## Work order
Set down exactly the lines below between the line holding "Sarwar (12 km)" and the line holding "Операция по освобождению", inclusive; no other line belongs in the answer.
___ Listed entries
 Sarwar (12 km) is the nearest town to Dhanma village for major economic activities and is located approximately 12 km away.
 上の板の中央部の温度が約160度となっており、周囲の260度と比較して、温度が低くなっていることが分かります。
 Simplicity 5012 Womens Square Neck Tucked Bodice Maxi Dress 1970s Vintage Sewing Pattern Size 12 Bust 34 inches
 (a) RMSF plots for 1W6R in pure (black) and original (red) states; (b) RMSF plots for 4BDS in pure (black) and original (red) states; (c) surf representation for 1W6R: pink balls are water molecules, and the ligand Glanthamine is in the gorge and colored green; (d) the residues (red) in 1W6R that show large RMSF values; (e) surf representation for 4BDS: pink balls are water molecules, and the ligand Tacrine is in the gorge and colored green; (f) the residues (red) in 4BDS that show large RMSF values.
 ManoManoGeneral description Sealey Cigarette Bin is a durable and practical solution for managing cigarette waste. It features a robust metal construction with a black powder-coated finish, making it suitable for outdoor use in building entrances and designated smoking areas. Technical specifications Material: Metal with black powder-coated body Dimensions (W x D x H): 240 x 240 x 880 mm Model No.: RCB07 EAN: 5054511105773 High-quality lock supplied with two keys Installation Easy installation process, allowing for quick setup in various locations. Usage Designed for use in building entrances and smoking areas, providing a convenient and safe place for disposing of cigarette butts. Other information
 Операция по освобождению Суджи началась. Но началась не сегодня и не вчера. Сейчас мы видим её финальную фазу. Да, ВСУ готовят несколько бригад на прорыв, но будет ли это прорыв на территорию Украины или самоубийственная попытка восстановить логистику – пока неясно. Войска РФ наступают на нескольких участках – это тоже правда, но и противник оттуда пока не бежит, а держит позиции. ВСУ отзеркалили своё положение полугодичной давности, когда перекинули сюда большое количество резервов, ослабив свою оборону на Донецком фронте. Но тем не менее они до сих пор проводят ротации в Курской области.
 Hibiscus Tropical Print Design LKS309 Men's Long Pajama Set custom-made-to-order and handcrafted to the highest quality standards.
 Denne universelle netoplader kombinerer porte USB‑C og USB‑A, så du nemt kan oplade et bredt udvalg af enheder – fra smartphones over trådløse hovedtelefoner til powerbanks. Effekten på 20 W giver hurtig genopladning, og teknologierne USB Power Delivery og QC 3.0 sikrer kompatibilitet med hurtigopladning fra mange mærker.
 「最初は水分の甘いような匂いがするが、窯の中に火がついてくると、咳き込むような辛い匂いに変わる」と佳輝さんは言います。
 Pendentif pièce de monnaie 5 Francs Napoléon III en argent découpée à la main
______
___ Listed entries
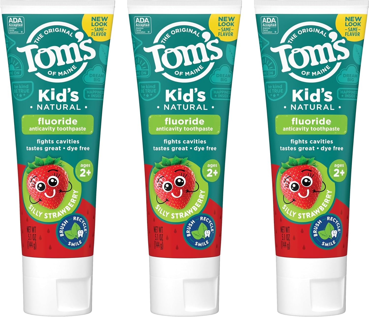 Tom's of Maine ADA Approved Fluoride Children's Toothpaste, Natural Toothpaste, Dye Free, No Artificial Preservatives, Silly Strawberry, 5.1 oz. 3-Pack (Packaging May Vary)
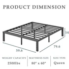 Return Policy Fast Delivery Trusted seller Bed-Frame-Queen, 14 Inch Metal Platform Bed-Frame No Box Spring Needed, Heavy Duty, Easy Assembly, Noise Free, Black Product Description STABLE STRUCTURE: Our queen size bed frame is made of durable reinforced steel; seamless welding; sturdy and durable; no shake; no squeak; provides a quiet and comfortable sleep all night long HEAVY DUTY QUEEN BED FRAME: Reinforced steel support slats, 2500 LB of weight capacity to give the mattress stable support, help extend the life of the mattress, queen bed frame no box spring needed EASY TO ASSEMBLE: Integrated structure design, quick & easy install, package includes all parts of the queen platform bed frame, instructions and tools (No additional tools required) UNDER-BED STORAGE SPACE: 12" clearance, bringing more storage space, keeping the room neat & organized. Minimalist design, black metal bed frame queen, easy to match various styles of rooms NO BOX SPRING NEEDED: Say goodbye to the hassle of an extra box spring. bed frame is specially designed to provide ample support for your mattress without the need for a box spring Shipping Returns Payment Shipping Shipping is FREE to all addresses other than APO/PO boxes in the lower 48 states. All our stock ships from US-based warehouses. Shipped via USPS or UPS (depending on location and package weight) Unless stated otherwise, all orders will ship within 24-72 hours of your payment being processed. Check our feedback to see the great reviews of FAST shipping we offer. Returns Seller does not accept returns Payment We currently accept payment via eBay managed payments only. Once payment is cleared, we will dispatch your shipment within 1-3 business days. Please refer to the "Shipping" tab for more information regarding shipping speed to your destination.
______
## Output
 Sarwar (12 km) is the nearest town to Dhanma village for major economic activities and is located approximately 12 km away.
 上の板の中央部の温度が約160度となっており、周囲の260度と比較して、温度が低くなっていることが分かります。
 Simplicity 5012 Womens Square Neck Tucked Bodice Maxi Dress 1970s Vintage Sewing Pattern Size 12 Bust 34 inches
 (a) RMSF plots for 1W6R in pure (black) and original (red) states; (b) RMSF plots for 4BDS in pure (black) and original (red) states; (c) surf representation for 1W6R: pink balls are water molecules, and the ligand Glanthamine is in the gorge and colored green; (d) the residues (red) in 1W6R that show large RMSF values; (e) surf representation for 4BDS: pink balls are water molecules, and the ligand Tacrine is in the gorge and colored green; (f) the residues (red) in 4BDS that show large RMSF values.
 ManoManoGeneral description Sealey Cigarette Bin is a durable and practical solution for managing cigarette waste. It features a robust metal construction with a black powder-coated finish, making it suitable for outdoor use in building entrances and designated smoking areas. Technical specifications Material: Metal with black powder-coated body Dimensions (W x D x H): 240 x 240 x 880 mm Model No.: RCB07 EAN: 5054511105773 High-quality lock supplied with two keys Installation Easy installation process, allowing for quick setup in various locations. Usage Designed for use in building entrances and smoking areas, providing a convenient and safe place for disposing of cigarette butts. Other information
 Операция по освобождению Суджи началась. Но началась не сегодня и не вчера. Сейчас мы видим её финальную фазу. Да, ВСУ готовят несколько бригад на прорыв, но будет ли это прорыв на территорию Украины или самоубийственная попытка восстановить логистику – пока неясно. Войска РФ наступают на нескольких участках – это тоже правда, но и противник оттуда пока не бежит, а держит позиции. ВСУ отзеркалили своё положение полугодичной давности, когда перекинули сюда большое количество резервов, ослабив свою оборону на Донецком фронте. Но тем не менее они до сих пор проводят ротации в Курской области.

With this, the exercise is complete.